Quelques réflexions personnelles tirées d'un vécu ancien... 30 ans déjà...
La dissuasion nucléaire française "élargie" à l'Europe est un vieux sujet, qui butte depuis les années 1990 (je commençais juste dans le métier !) sur trois obstacles : la peur viscérale du nucléaire dans l'opinion publique de certains de nos voisins (on ne les entend pas aujourd'hui mais qu'en sera t'il demain ?), la préférence donnée envers le parapluie US plus crédible et politiquement aussi plus acceptable car... nous même Français sommes perçus comme voulant en profiter pour prendre le leadership européen... étonnant non ?

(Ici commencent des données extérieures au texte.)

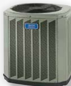
Silver SI American Standard 13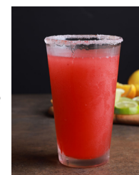
Patrón Straw 'Rita Patrón® Silver Tequila, Patrón® Citrónge Lime, Strawberry Puree & Citrus Juices.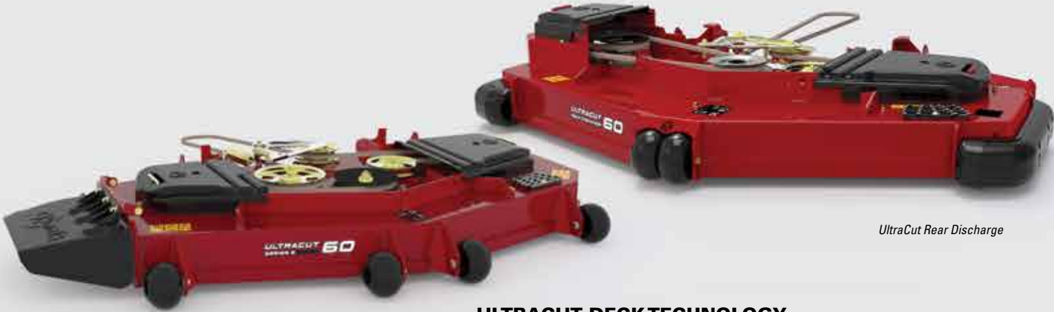
UltraCut Series 6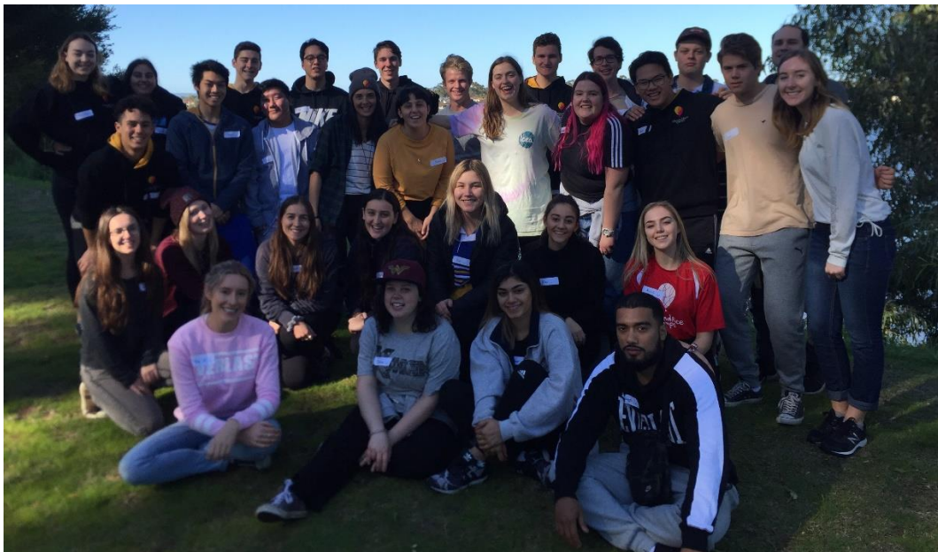
(CAMP 2 Leaders)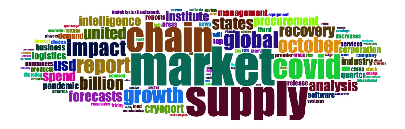
Figure 3.- Word cloud of the most common words found on the titles ProQuest's News Aggregator during October, 2020 (search keywords= 'supply chain + covid').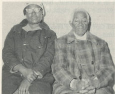
This elderly couple lives in Camden, Alabama. He, 82, still lives on the place where he was born. His mother, before him, had been a slave on this land. Because of activity he was told recently he must get off the place. Operation Freedom hopes to be able to help when and if the couple is evicted.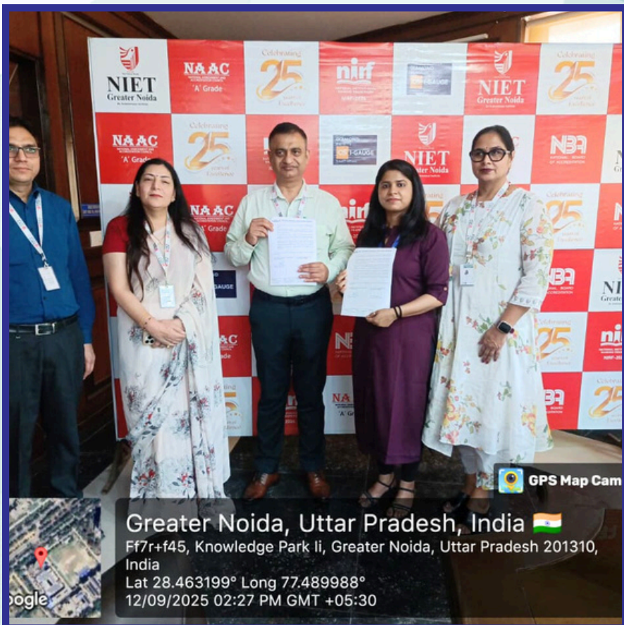
Noida Institute of Engineering and Technology, U.P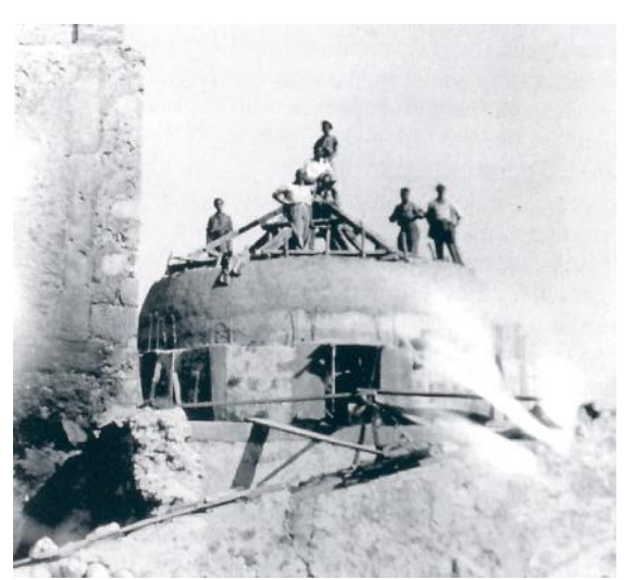
Fig. 02 - San Pietro Infine (CE), the post-war reconstruction of the dome of San Michele Arcangelo with the use of reinforced concrete (Zambardi 2003)

through the reconstruction sites. Exemplifying is the case of the church's dome of San Michele Arcangelo in San Pietro Infine, collapsed shortly after its creation (Spinosa, Vitagliano, 2008) (Fig. 2).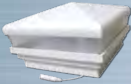
Available in 4" & 5" White • Almond Clay • Black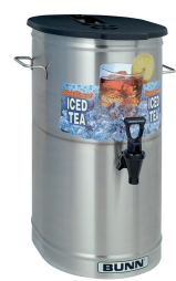
TDO-4, RESERVOIR BREW THRU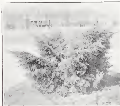
Juniperus pfitzeriana. (Pfitzer Juniper) See page 4

J. cannarti. Cannart Cedar. A fine, pyramidal evergreen of compact growth. Has a wonderful Winter color and is perfectly hardy. Deep rich green foliage.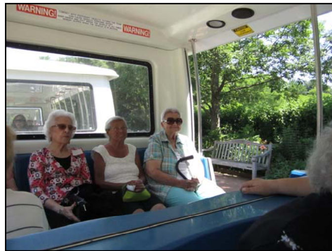
Residents taking a ride around the Botanic Garden in the Grand Tram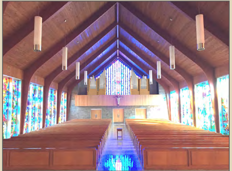
The rear balcony with the computer image of the new instrument

The organ design for St. Katharine of Siena complements the interior architecture of the church without creating overly ornate or heavy-looking elements.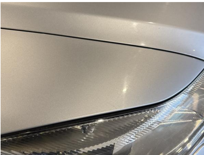
19: Wing osf Chipped 1 To 5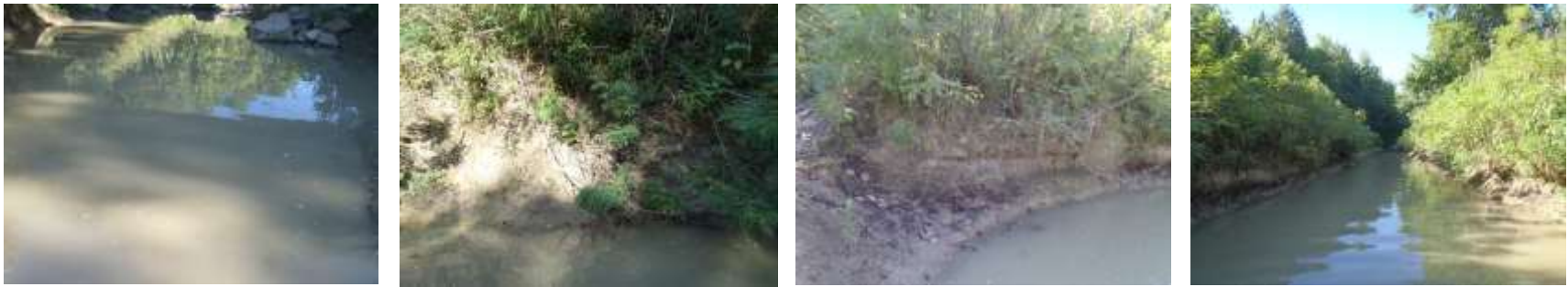
Photo group 2c: Site HG02 at 300m; downstream, left bank, right bank, upstream. Taken on trip 2, 08/25/2021.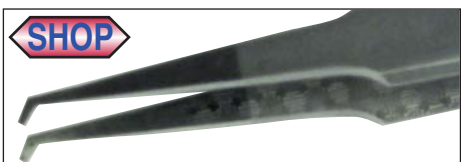
MicroTip 40° Hook 1x1x2mm Long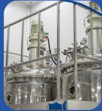
NO.3 Industrial fermentation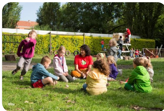
Holliday activities Pretfabriek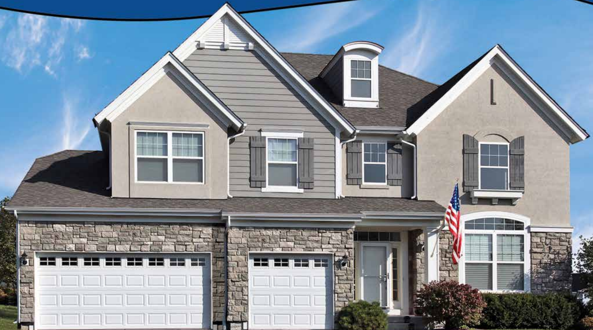
Model 225 SP with optional Stockton windows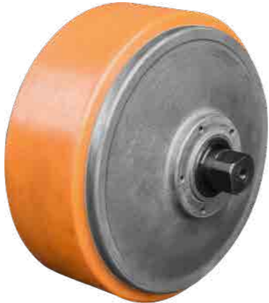
110LW001-Z1型无刷直流减速力矩电动机 110LW001-Z1 type brushless DC deceleration torque motor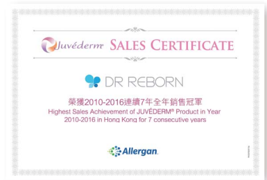
Juvederm — Highest Sales Achievement for Consecutive 7 Years from 2010 to 2016 within Hong Kong Juvederm — 2010–2016 連續 7 年全港銷售冠軍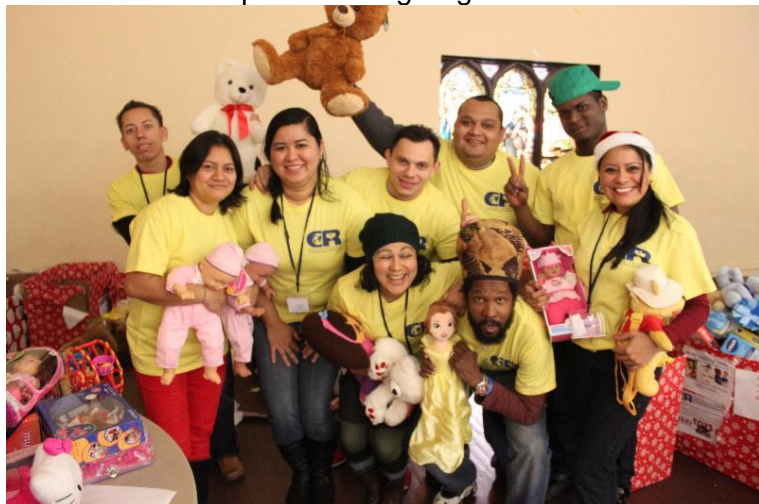
The morning student government at the Harvard Street

This past holiday season, students and staff took their work outside the school walls with three events that showcased the importance of giving.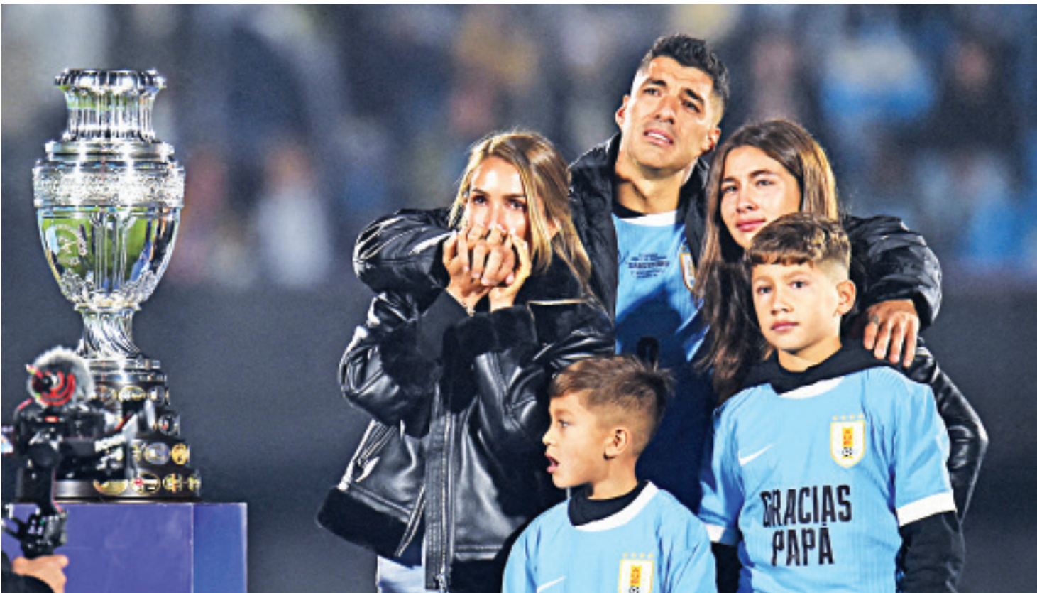
An emotional Luis Suarez and his family stand next to a replica of the Copa America trophy he was presented during his farewell ceremony after the 2026 FIFA World Cup South American qualifiers match at the Centenario Stadium in Montevideo on Friday. Suarez, however, bade a frustrating farewell to his 17-year international career as Uruguay were held to a 0-0 draw by Paraguay. The 37-year-old forward reached 143 appearances for his country, finishing as their all-time leading scorer with 69 goals.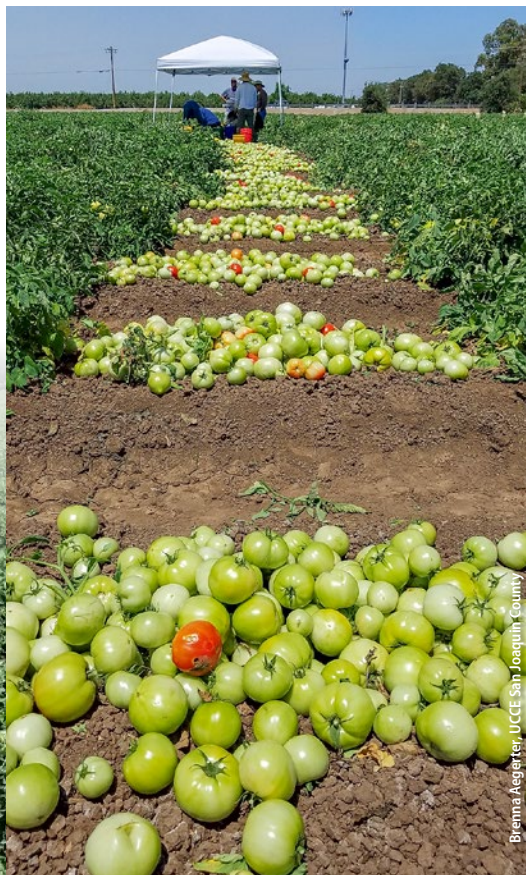
Brenna Aegerter, UCCE, San Joaquin County

In the small number of trials that directly compared grafted tomato plants to fumigation treatments in pathogen-infested fields, the grafted plants often gave higher yields. Other studies without fumigation treatments showed that pathogen resistance in some rootstocks was often strong enough to achieve high yields in pathogen-infested conditions.

Pour nous Français, l'élargissement de notre dissuasion nucléaire est d'abord déclaratoire, à l'instar de De Gaulle envisageant le BENELUX et la RFA comme nos intérêts vitaux, elle repose sur le fait d'introduire un doute supplémentaire chez l'assaillant possible. Cette détermination peut s'accompagner du déploiement au sol de forces françaises, en mer du groupe aéronaval "nucléarisé", voire de Rafale des FAS "potentiellement" dotés d'ASMP. Notre crédibilité doit d'abord s'accompagner d'une remontée en puissance, autour principalement de l'armement pré stratégique, celui dit de l'Ultime Avertissement", qui dans un cadre d'extension à des États européens alliés se doit à nouveau d'être réaffirmé.
Mais toute évolution en la matière doit accompagner l'expression d'une nouvelle solidarité européenne, à travers un pacte de défense européen renouvelé, auquel s'agrégeraient les États volontaires, autour d'une clause de défense mutuelle explicite, prévoyant un engagement ferme et automatique, renforçant la crédibilité dissuasive face à des menaces comme la Russie, sans dépendre de l’OTAN ou des États-Unis. Bref pour les anciens une "UEO" réinventée. Le Royaume-Uni pourrait être associé via un partenariat spécial. Politiquement et c'est fondamental, les décisions seraient prises par un vote à la majorité simple ou qualifiée entre membres, évitant la recherche permanente du consensus qui paralyse de l’UE ainsi que le procès d'intention à l'encontre de Paris... Le nucléaire ne peut en revanche que rester du ressort de l'autorité nationale concernée, la conduite des opérations militaires relèverait d'un état-major européen véritablement opérationnel s'appuyant sur les normes/standards OTAN existantes, Cette nouvelle alliance pourrait politiquement parler d'une voix unique dans les forums internationaux et régionaux de sécurité, voire soyons fous au sein de certaines institutions atlantiques afin d'instaurer un nouveau rapport de force au sein de l'OTAN..
Pour bâtir et être pris au sérieux en la matière, il faut combiner engagement français unilatéral et démarche politique collective d'alliance militaire revigorée et opérationnelle.